> _DATASET CONTENT_:
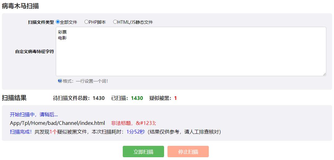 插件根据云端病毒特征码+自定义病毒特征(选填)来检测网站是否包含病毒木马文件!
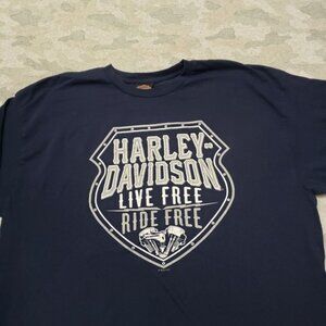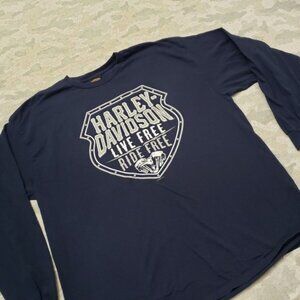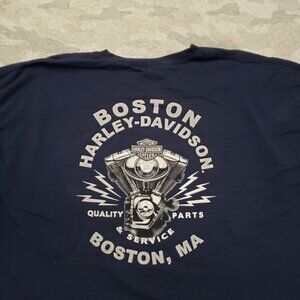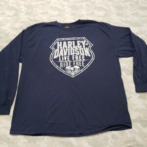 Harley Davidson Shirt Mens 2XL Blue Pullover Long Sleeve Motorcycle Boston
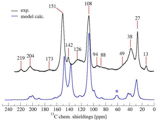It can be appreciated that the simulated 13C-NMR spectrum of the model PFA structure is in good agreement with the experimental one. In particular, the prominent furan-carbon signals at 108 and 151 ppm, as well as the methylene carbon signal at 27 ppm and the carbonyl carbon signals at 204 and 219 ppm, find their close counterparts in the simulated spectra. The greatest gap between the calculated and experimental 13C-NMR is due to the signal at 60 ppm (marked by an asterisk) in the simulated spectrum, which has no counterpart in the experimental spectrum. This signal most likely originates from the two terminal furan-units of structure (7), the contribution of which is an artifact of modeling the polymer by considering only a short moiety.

> _ABOUT THIS TASK_: The listing must be returned in full and exactly, apart from its pictures.

> _RESULT_:
 插件根据云端病毒特征码+自定义病毒特征(选填)来检测网站是否包含病毒木马文件!
 Harley Davidson Shirt Mens 2XL Blue Pullover Long Sleeve Motorcycle Boston
It can be appreciated that the simulated 13C-NMR spectrum of the model PFA structure is in good agreement with the experimental one. In particular, the prominent furan-carbon signals at 108 and 151 ppm, as well as the methylene carbon signal at 27 ppm and the carbonyl carbon signals at 204 and 219 ppm, find their close counterparts in the simulated spectra. The greatest gap between the calculated and experimental 13C-NMR is due to the signal at 60 ppm (marked by an asterisk) in the simulated spectrum, which has no counterpart in the experimental spectrum. This signal most likely originates from the two terminal furan-units of structure (7), the contribution of which is an artifact of modeling the polymer by considering only a short moiety.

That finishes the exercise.